# Green discharge in Pregnancy



## momma_to_be

Hello. I am going to be 25 weeks pregnant, and since the very beginning of my pregnancy, my discharge has been a light green colour and has been globbing on my underwear. I have gotten a PAP swab done early in my pregnancy as a normal routine I get every 6 months due to the fact I had "gray cells" meaning I was at a risk of having cervial cancer. Everything came back normal, and I had even mentioned the green mucous, and he even seen it while doing the test. I was almost positive that when I was taking Diclectin, that THAT was causing it, but he had assured me that he's never heard of anyone who was taking that pill had green discharge. And well I've been off it for almost 2 weeks and I still have those annoying clumps of green discharge. It doesn't have a foul smell, and I've already have had the swabs done earlier on, and I can't get more done because I am placenta previa, and have been placed on pelvic rest. I'm just wondering if there are any other women out there who are experiencing the same thing as I am and have been assured that everything was "fine" and came back clear, but have green, clumpy discharge during pregnancy?


----------



## addie140910

I would say to get a second opinion. Since you have had it since the beginning of pregnancy perhaps it is not that big of a deal, but when my sister had green discharge it was actually her mucous plug coming out X_X. Now granted she fell, and the mucous came out when she was in the shower, but it was really scary because she had an appointment with the doctor the next day and they immediately scheduled her for a c-section because the baby did not have enough fluid around her. (even though they said it was the mucous plug, and that her water did not actually break and was leaking or something I don't understand how that happens but anyway.)

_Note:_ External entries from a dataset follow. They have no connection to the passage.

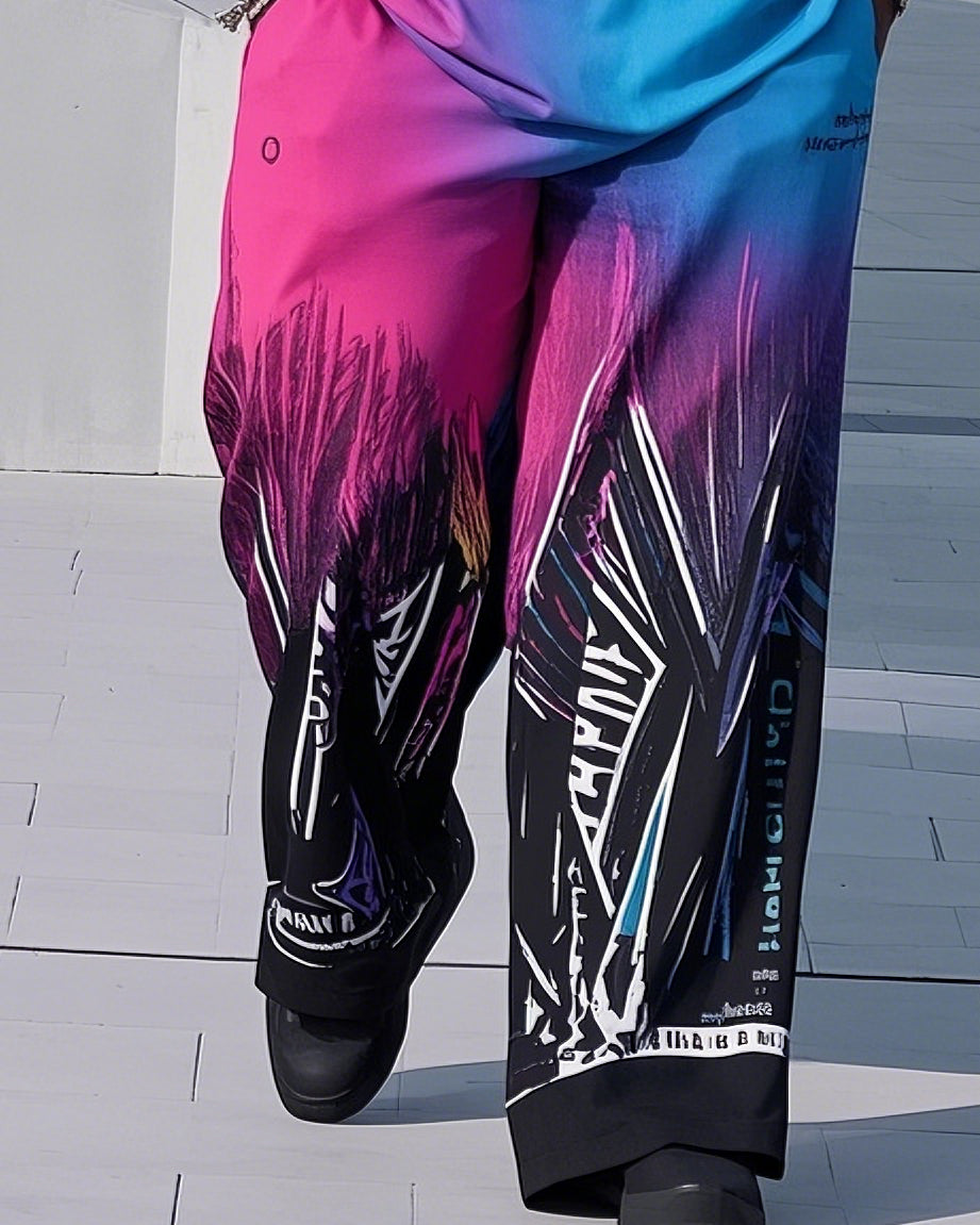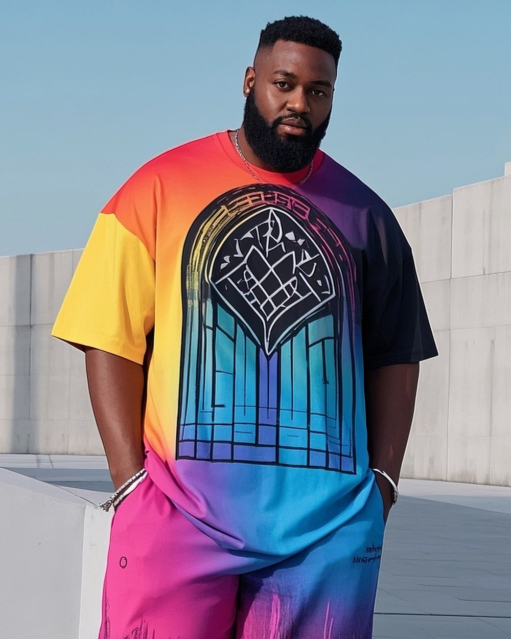 Plus Size 1 L-9L Men's Gradient Episcopal Church Print Casual Short-sleeved T-shirt Pants Suit
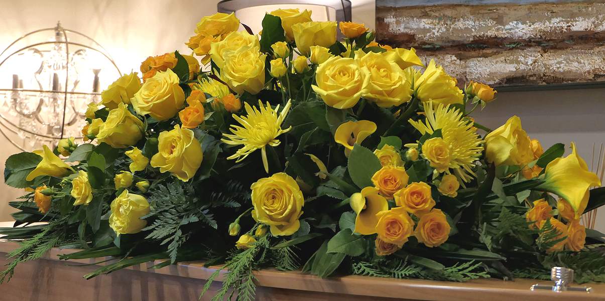 Bright golden yellow, this casket spray contains calla lilies, roses, spray roses, disbuds, and lots of fluffy green foliage to compliment.
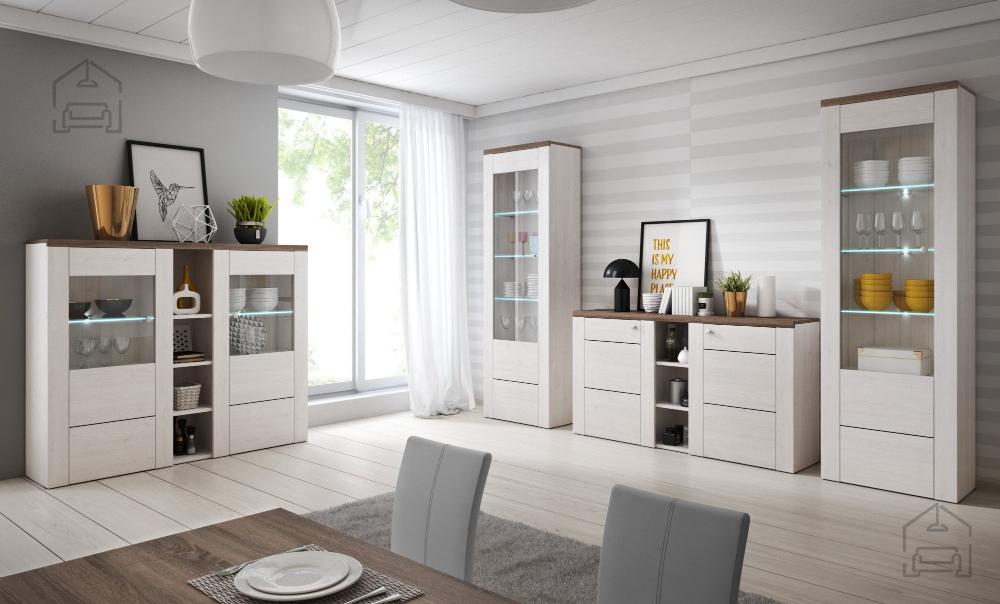 Ne zamudite priložnosti, da vaš dom obogatite z Larona kompletom. Njegova prilagodljivost, od elegantnih vitrin do praktičnih komod, omogoča, da se popolnoma prilagodi vašim potrebam. Opcija LED osvetlitve dodatno poudari njegovo edinstvenost in poskrbi za prijetno vzdušje v vsakem trenutku.

Not trying to scare you, but your health and baby's health is the most important. :) 

Good luck to you and baby! <3


----------



## starnicole

i would think probably normal since you've had it since the beginning. my discharge is yellow and has been the entire pregnancy (mixed with a little green occasionally). i talked to the midwife and ob about it and they said that it must be normal for me as it'[s been thoe whole prego and they had checked for infections. if you're concerned still, go see another dr.


----------



## Mamoosca

It sounds like thrush to me, it could also be bacterial vaginosis . I would ask your gp to do a swab and put your mind at rest that its something easily treatable xx


----------



## Little_Nugget

Mine is sometimes (around 1-2 times a week) elastic like snot and either yellow or greenish (sorry I know that's gross) but I've had three lots of swabs done so far testing for thrush and bv and they've been negative. I'm still paranoid to buggery because of my history but I think for some women this wacky discharge is normal.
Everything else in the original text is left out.